START Data shown

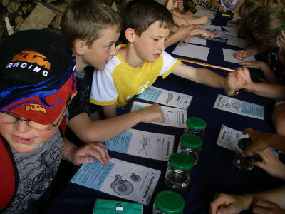 Die vom Wasserland-Team betreute Station "Wasser und Tiere" hatte für die Kinder ein sog. "Becherlupenspiel" und eine Zeichenstation, in der die Kinder ihre Phantasie bezüglich des Aussehens der Wassertiere spielen lassen konnten, vorbereitet. Trotz des eher mäßigen Wetters - es gab nur zwei wirkliche Sonnentage - waren die Kinder mit Freude und Eifer bei der Sache.
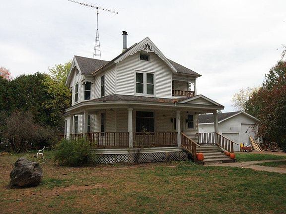 (310/AS) Beautiful Victorian Home in the Village of Hawkins! If you are looking for turn of the century style, look no further. This wonderful home has 4 bedrooms and 2 baths. The main floor has a large kitchen, formal dining room, living room with brick fireplace, bedroom, bathroom, and laundry room. The second floor has 3 large bedrooms and a bathroom. There are two fantastic outdoor living spaces with a back sundeck and a front wrap-around covered porch. This spacious home is located on 3 city lots providing privacy. On this corner lot there are many towering White Pine. The oversized 2 stall garage has room for a workshop or storage. There aren’t many homes like this on the market. Set up a showing soon!! 2022 taxes: 748.69 (14-35-3W, NE-SW Village of Hawkins Lots 8, 9, & 10 Block 7 Document #355775)
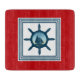 Design à thème nautique avec décoration de scène de voile en carrés rayés sur arrière - plan rouge
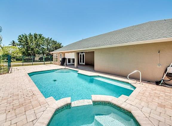 Move in Ready 3 Bedroom, 2 Bath, 2 Car Garage Pool/Spa Home in the Heart of SE Cape Coral and ready for new owners! This home has everything you would be looking for - Upgraded Kitchen with 42" Cabinets, Granite Countertops, Stainless Steel Appliances, Both Bathrooms have upgraded Tile, Granite Countertops and under mount sinks, and there are upgraded tile floors throughout the living areas and brand new carpet in the bedrooms. The home has a Great Room layout with split bedrooms, Huge Laundry Room, Nice Undertruss Lanai with 4 sets of French Doors leading out to the porch and Vaulted Ceilings. It also sits on an oversized corner lot and assessments are in and paid. The exterior provides newer landscaping with concrete curbing, a pool and spa and huge paver lanai. A couple features to notice when viewing, the master bedroom closet is huge and the garage has a separate storage room with hidden door, perfect for a gun collector. Call today for a private showing.
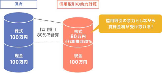 「信用貸株®」を利用し、貸出し中の株式についても同様に、80%相当額を保証金とみなして信用取引の余力計算を行います。貸株金利を得られるからと言って代用評価の掛け目に変更はありません。
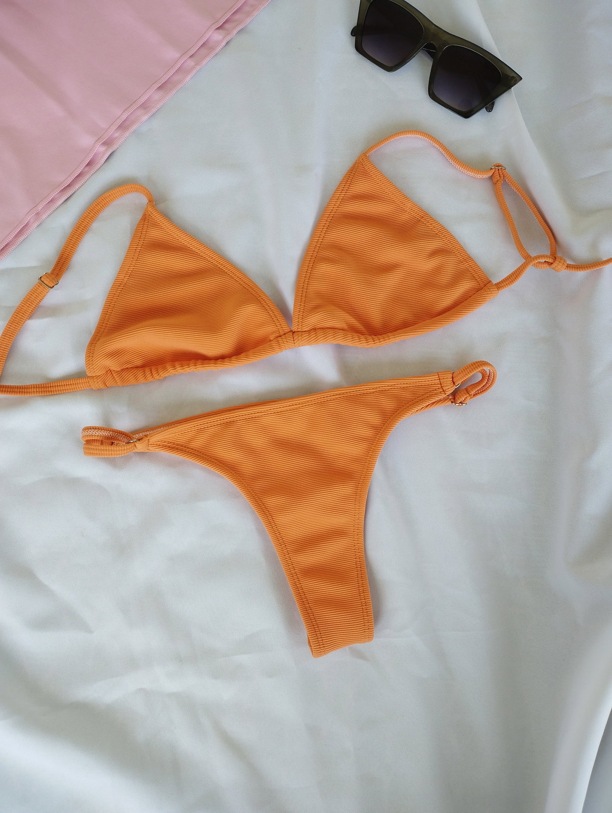 ❣️Corpiño triángulo forrado movible con breteles regulables y bajo busto para atar con bolsillo para agregar una taza (las tazas NO están incluídas)
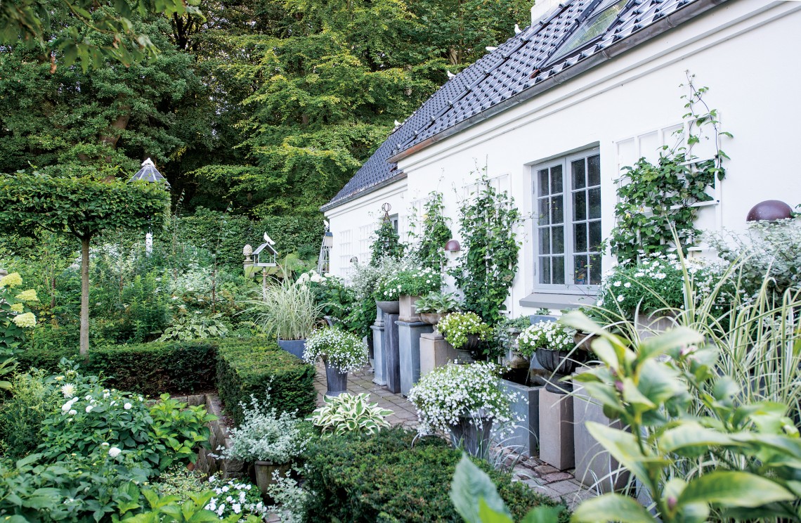 Fordelen ved at plante i krukker er, at man hele tiden kan bytte ud og flytte rundt. Og selv på den mindste plet kan man skabe frodighed. Også her hylder jeg gentagelsesprincippet, og jeg har gennem årene gjort det til en helt særlig disciplin at plante i krukker. Krukkerne står helt tæt sammen og danner næsten små bede.
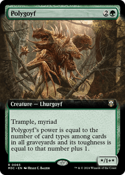 Trample, myriad (Whenever this creature attacks, for each opponent other than defending player, you may create a token copy that's tapped and attacking that player or a planeswalker they control. Exile the tokens at end of combat.) Polygoyf's power is equal to the number of card types among cards in all graveyards and its toughness is equal to that number plus 1.
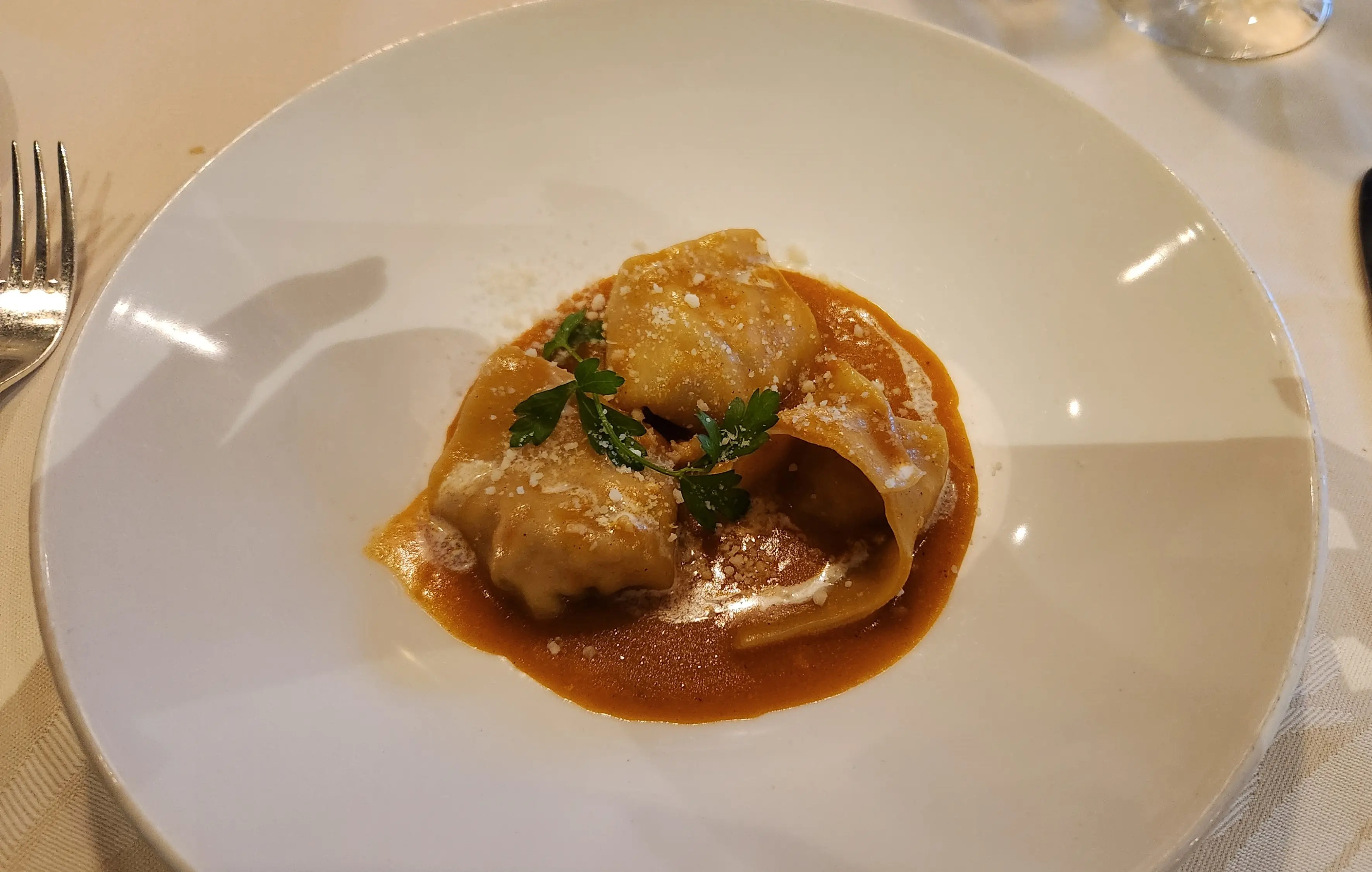 Moving on to the primi piatti, I indulged in the Lobster Tortelloni. These wide, delicate pillows of lobster-filled pasta were simmered in a rich, creamy lobster sauce. Each bite was a luxurious explosion of flavor, with the lobster’s sweetness beautifully complemented by the creamy sauce.
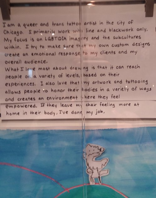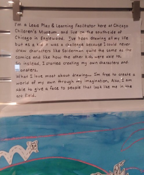 Tattoo artist Ricki Proper and artist Josh Seals who is a Chicago Children’s Museum Lead Play and Learning Facilitator came to the studio for a week of Drawing Lab and introduced some drawing techniques that visitors used to create drawings of monsters that are currently being featured in the museum display case.
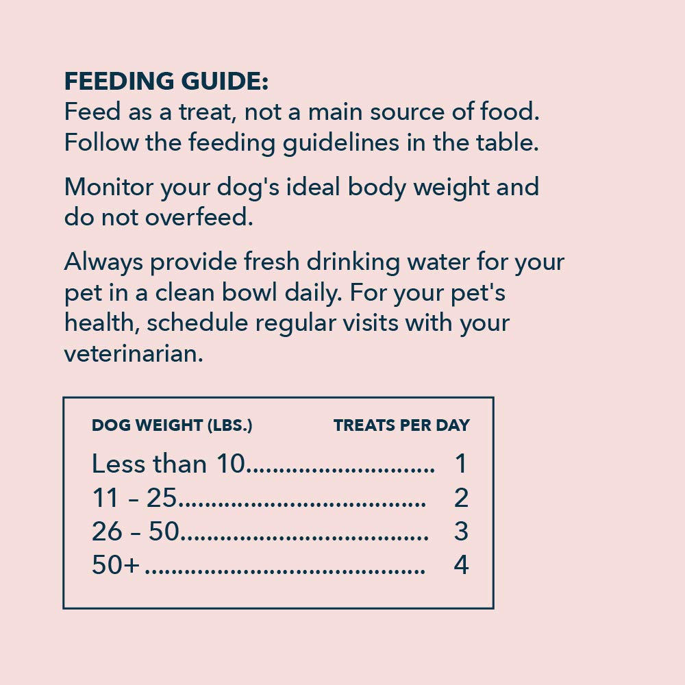- FEEDING GUIDE: You may break the jerky into smaller pieces for treating; if it’s your dog’s first time start with half of the suggested treating amount and gradually increase to the full amount
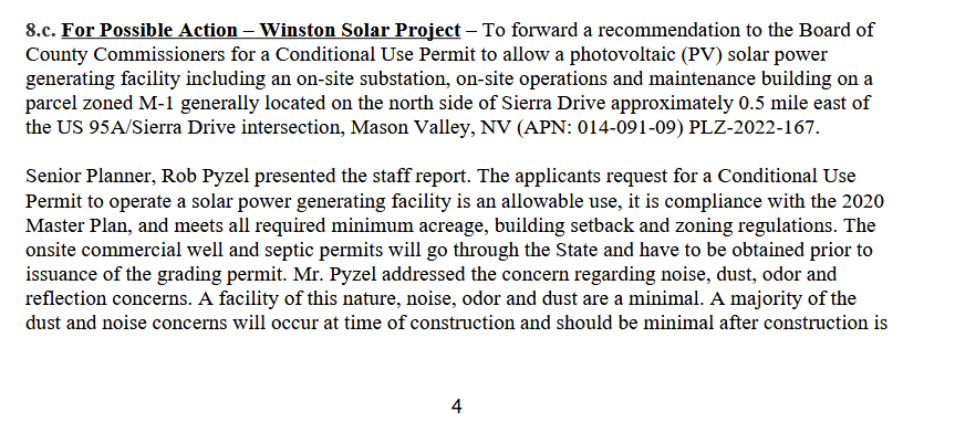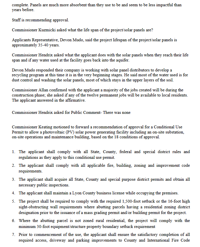 Notes from the 2 hour 12 minute Lyon County Planning Commission Hearing on the proposed Winston Solar & Battery Storage Facility in Mason Valley, Nevada:
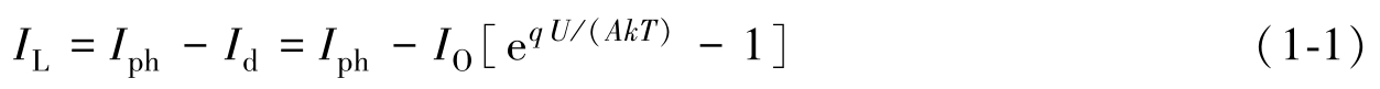 式中 I O ——反向饱和电流,是在黑暗中通过PN结的少数载流子的空穴电流和自由电子电流的代数和;
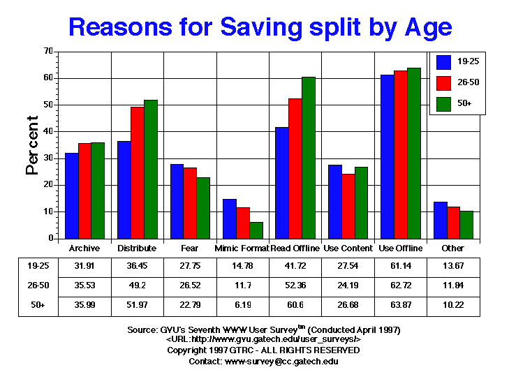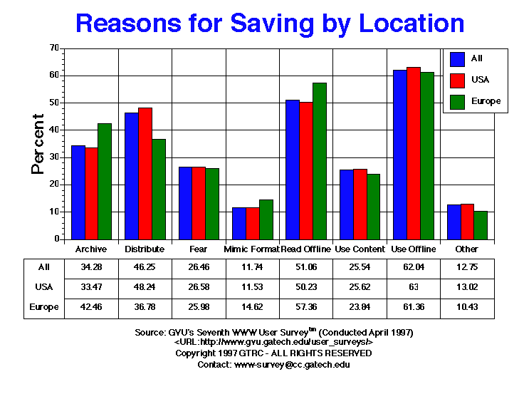 - For this question, users could mark more than one answer. As found in the Sixth Survey, by far the most widely cited reason for save and printing documents is to use them off line (62.04% Seventh vs. 62.32% Sixth). Not surprising given the poor resolution of current monitors, 51.06% (52.57% Sixth) store/print documents to read offline. There seems to be a far amount of sharing of the online world with those without access, as 46.25% (49.28% Sixth) distribute the documents to others not online. This ranking and percentages are nearly identical to the Sixth and Fifth Surveys. Nearly a third report saving/printing Web pages for archival purposes (34.28%) and out of fear that the content will disappear (26.46%).

END Data shown

* Task item
Output each record exactly as it appears, but not the pictures.

* Answer section
 Die vom Wasserland-Team betreute Station "Wasser und Tiere" hatte für die Kinder ein sog. "Becherlupenspiel" und eine Zeichenstation, in der die Kinder ihre Phantasie bezüglich des Aussehens der Wassertiere spielen lassen konnten, vorbereitet. Trotz des eher mäßigen Wetters - es gab nur zwei wirkliche Sonnentage - waren die Kinder mit Freude und Eifer bei der Sache.
 (310/AS) Beautiful Victorian Home in the Village of Hawkins! If you are looking for turn of the century style, look no further. This wonderful home has 4 bedrooms and 2 baths. The main floor has a large kitchen, formal dining room, living room with brick fireplace, bedroom, bathroom, and laundry room. The second floor has 3 large bedrooms and a bathroom. There are two fantastic outdoor living spaces with a back sundeck and a front wrap-around covered porch. This spacious home is located on 3 city lots providing privacy. On this corner lot there are many towering White Pine. The oversized 2 stall garage has room for a workshop or storage. There aren’t many homes like this on the market. Set up a showing soon!! 2022 taxes: 748.69 (14-35-3W, NE-SW Village of Hawkins Lots 8, 9, & 10 Block 7 Document #355775)
 Design à thème nautique avec décoration de scène de voile en carrés rayés sur arrière - plan rouge
 Move in Ready 3 Bedroom, 2 Bath, 2 Car Garage Pool/Spa Home in the Heart of SE Cape Coral and ready for new owners! This home has everything you would be looking for - Upgraded Kitchen with 42" Cabinets, Granite Countertops, Stainless Steel Appliances, Both Bathrooms have upgraded Tile, Granite Countertops and under mount sinks, and there are upgraded tile floors throughout the living areas and brand new carpet in the bedrooms. The home has a Great Room layout with split bedrooms, Huge Laundry Room, Nice Undertruss Lanai with 4 sets of French Doors leading out to the porch and Vaulted Ceilings. It also sits on an oversized corner lot and assessments are in and paid. The exterior provides newer landscaping with concrete curbing, a pool and spa and huge paver lanai. A couple features to notice when viewing, the master bedroom closet is huge and the garage has a separate storage room with hidden door, perfect for a gun collector. Call today for a private showing.
 「信用貸株®」を利用し、貸出し中の株式についても同様に、80%相当額を保証金とみなして信用取引の余力計算を行います。貸株金利を得られるからと言って代用評価の掛け目に変更はありません。
 ❣️Corpiño triángulo forrado movible con breteles regulables y bajo busto para atar con bolsillo para agregar una taza (las tazas NO están incluídas)
 Fordelen ved at plante i krukker er, at man hele tiden kan bytte ud og flytte rundt. Og selv på den mindste plet kan man skabe frodighed. Også her hylder jeg gentagelsesprincippet, og jeg har gennem årene gjort det til en helt særlig disciplin at plante i krukker. Krukkerne står helt tæt sammen og danner næsten små bede.
 Trample, myriad (Whenever this creature attacks, for each opponent other than defending player, you may create a token copy that's tapped and attacking that player or a planeswalker they control. Exile the tokens at end of combat.) Polygoyf's power is equal to the number of card types among cards in all graveyards and its toughness is equal to that number plus 1.
 Moving on to the primi piatti, I indulged in the Lobster Tortelloni. These wide, delicate pillows of lobster-filled pasta were simmered in a rich, creamy lobster sauce. Each bite was a luxurious explosion of flavor, with the lobster’s sweetness beautifully complemented by the creamy sauce.
 Tattoo artist Ricki Proper and artist Josh Seals who is a Chicago Children’s Museum Lead Play and Learning Facilitator came to the studio for a week of Drawing Lab and introduced some drawing techniques that visitors used to create drawings of monsters that are currently being featured in the museum display case.
- FEEDING GUIDE: You may break the jerky into smaller pieces for treating; if it’s your dog’s first time start with half of the suggested treating amount and gradually increase to the full amount
 Notes from the 2 hour 12 minute Lyon County Planning Commission Hearing on the proposed Winston Solar & Battery Storage Facility in Mason Valley, Nevada:
 式中 I O ——反向饱和电流,是在黑暗中通过PN结的少数载流子的空穴电流和自由电子电流的代数和;
 - For this question, users could mark more than one answer. As found in the Sixth Survey, by far the most widely cited reason for save and printing documents is to use them off line (62.04% Seventh vs. 62.32% Sixth). Not surprising given the poor resolution of current monitors, 51.06% (52.57% Sixth) store/print documents to read offline. There seems to be a far amount of sharing of the online world with those without access, as 46.25% (49.28% Sixth) distribute the documents to others not online. This ranking and percentages are nearly identical to the Sixth and Fifth Surveys. Nearly a third report saving/printing Web pages for archival purposes (34.28%) and out of fear that the content will disappear (26.46%).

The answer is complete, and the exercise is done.